Although the constituent elements fluctuated as in Samples A to F shown, a remanent magnetic flux density (Br) of 13.8 kG or larger, one Coercive force (HcJ) of 13.0 kOe or greater and a rectangular behavior (Hk / HcJ) of 95% or more received.

Industrial Applicability

As described in detail above, there is a Zr-rich product in the R ₂ T ₁₄ B phase, which is the main phase of an RTB rare earth permanent magnet, so that grain size growth can be inhibited while decreasing the magnetic properties a minimum is kept.
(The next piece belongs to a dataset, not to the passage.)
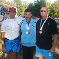 Мы выступали и в других видах спорта, говорит Карпенко. В беге на 100 м среди ветеранов 2 место занял Александр Рудев, я к финишу пришел первым. В прыжках в длину с разбега Александр стал вторым, уступив победу спортсмену из России. Также мы заняли 3 место в комбинированной эстафете по плаванью 4х25 метров, уступив победу спортсменам из Темиртау и России.

Since a suitable sintering temperature range of 40 ° C or more can be maintained even by using a large sintering furnace which usually results in unevenness of the heating temperature, according to the present invention, a RTB system rare earth permanent magnet consistent with first-class magnetic properties can be easily obtained.

Claims (4)

RTB system rare earth permanent magnet comprising a sintered body consisting of 28 to 33% by weight of R, 0.5 to 1.5% by weight of B, 0.03 to 0.3% by weight of Al, O. , 03 to 0.3 wt.% Cu, 0.05 to 0.2 wt.% Zr, 0.1 to 4 wt.% Co, and the remainder being substantially Fe and unavoidable impurities, the sintered body having the following comprising: a major phase consisting of an R ₂ T ₁₄ B phase, wherein R represents one or more rare earth elements, with the proviso that the rare earth elements include Y, and T represents one or more transition metal elements, the Fe or Fe and Co include; and a grain boundary phase containing a larger amount of R than the main phase, wherein in said R ₂ T ₁₄ B phase there is a Zr-rich product having a length of several hundred nm and a width between a few nm and 15 nm , Rare earth permanent magnet of R-T-B system according to claim 1, wherein said product has a flat or acicular shape. Rare earth permanent magnet of R-T-B system according to claim 1, wherein the amount of oxygen contained in said sintered body is 2000 ppm or less. Rare earth permanent magnet of R-T-B system according to claim 3, wherein in said sintered body 0.1 to 0.15 wt .-% Zr is included.